Lewat gelombang otak, Bai Yan bertanya pada Ibu Naga, "Ibu, kau tahu di mana habitat Pterosaurus Agung?"

"Pterosaurus Agung?" Ibu Naga memiringkan kepala, tampak bingung.

"Eh, maksudku, dinosaurus yang bisa terbang itu."

"Oh, seingatku, mereka biasa tinggal di sekitar gunung berapi. Tapi sebaiknya jangan cari masalah dengan mereka."

"Aku tahu." Bai Yan sadar betapa besarnya perbedaan kekuatan. Sayap Pterosaurus Agung membentang sebelas meter, sangat raksasa. Jika Tyrannosaurus adalah penguasa darat, maka Pterosaurus Agung adalah penguasa langit, keduanya sama-sama sulit dihadapi.

Ternyata dirinya terlalu terburu-buru, berpikir jika bisa terbang, maka bisa mengalahkan Belut Listrik di air—betapa hebatnya. Tapi sekarang, menyerang Pterosaurus Agung tanpa persiapan sama saja dengan bunuh diri.

Belut Listrik aku inginkan, Pterosaurus Agung juga aku inginkan, tetapi keduanya tak bisa didapat bersamaan. Mana yang harus dipilih?

Bai Yan berpikir keras cukup lama, tiba-tiba muncul rencana baru. Mungkin ia bisa memanfaatkan musim kemarau untuk menangkap Belut Listrik.

Di zaman purba, hujan bisa absen berbulan-bulan dan sekalinya turun, sebulan penuh.
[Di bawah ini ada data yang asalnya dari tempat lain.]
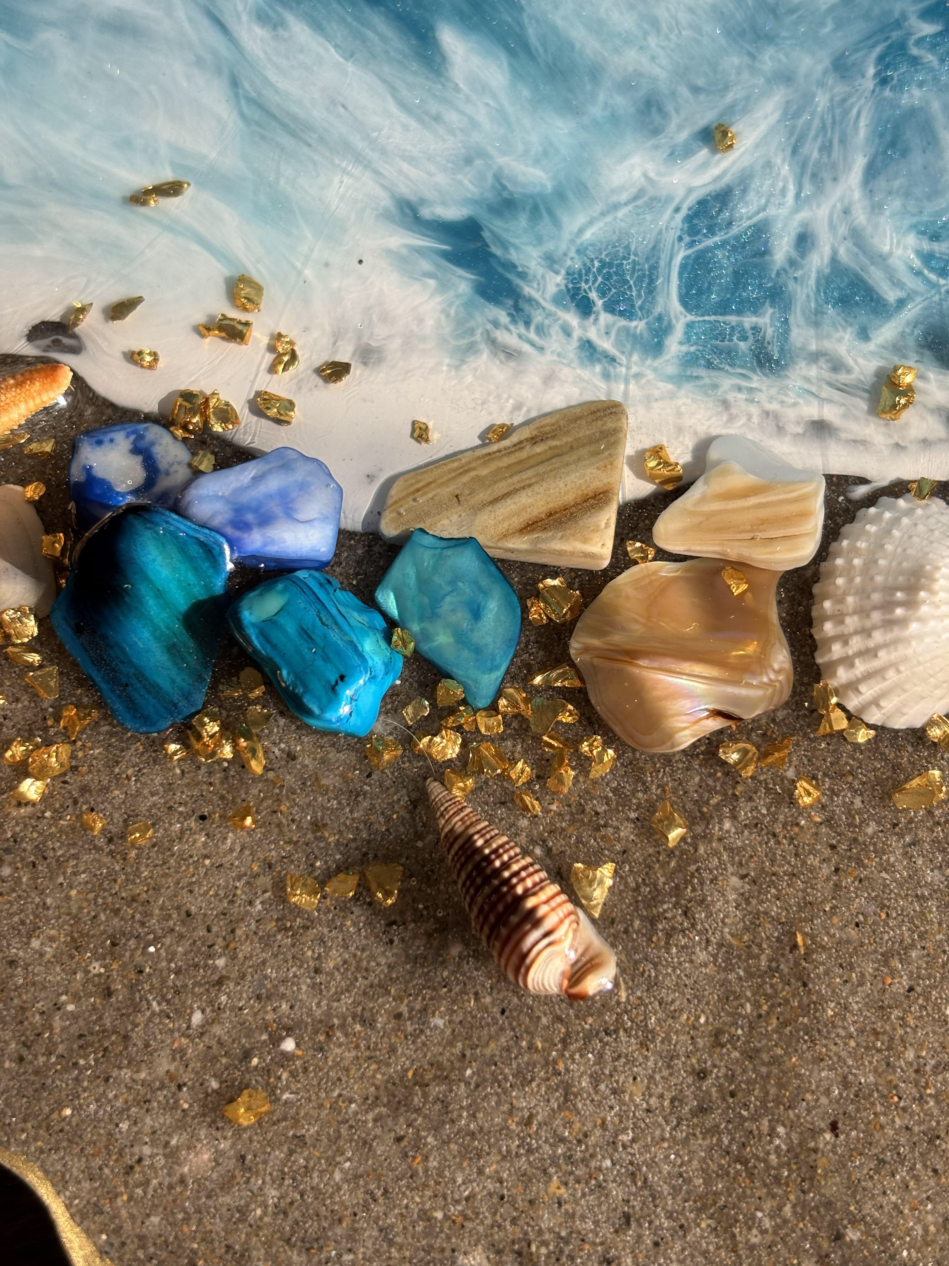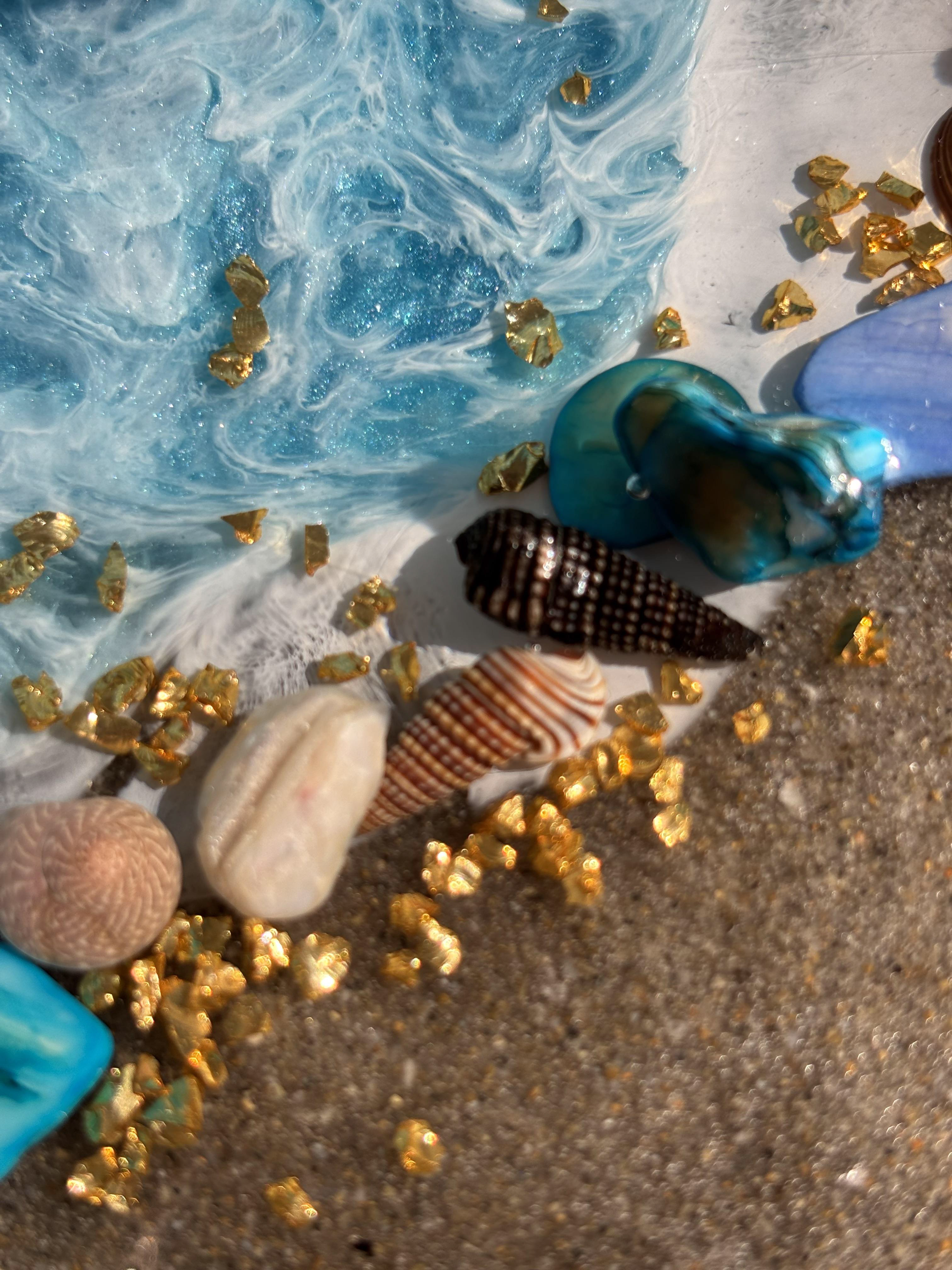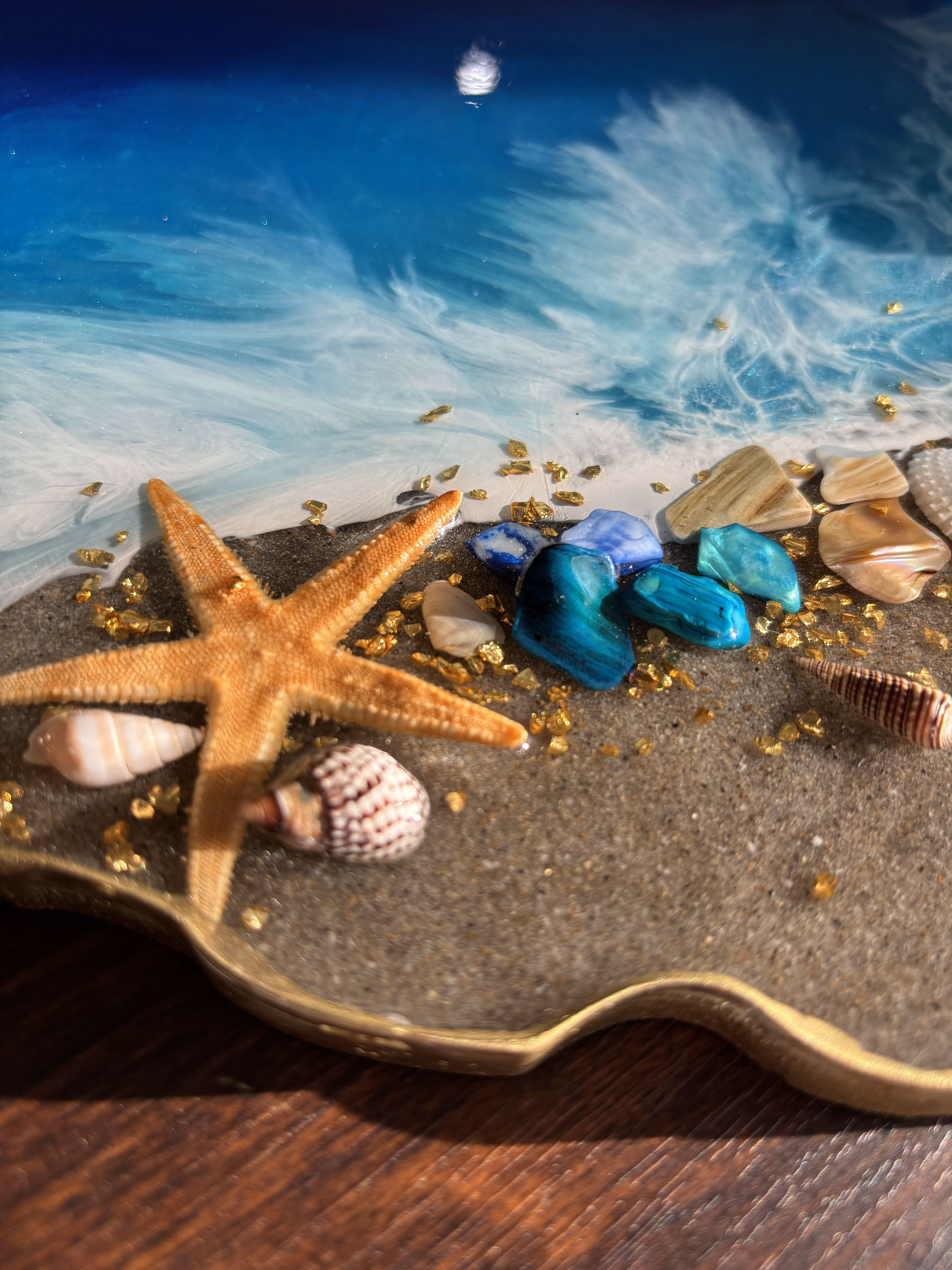 Bring the beauty of the shoreline into your home with this large handmade ocean resin tray, featuring layered blue waves, realistic shoreline texture, real seashells, and shimmering gold nugget accents.

Banyak makhluk mati kehausan di musim kering. Jika air habis, makhluk air pasti tak bisa bertahan hidup seperti biasa.

Memikirkan ini, Bai Yan merasa rencananya semakin masuk akal, hanya butuh sedikit kesabaran menunggu musim kemarau.

Keesokan harinya, Bai Yan mulai mengerjakan proyek besar: menutup aliran air di hilir dengan tanah, menjebak Belut Listrik di hulu. Di hulu ada air terjun setinggi tujuh meter, Belut Listrik mustahil naik ke atas. Masalah makanan? Ikan dari hulu sering turun, jadi Belut Listrik takkan kelaparan, sama saja dengan dipelihara Bai Yan sendiri.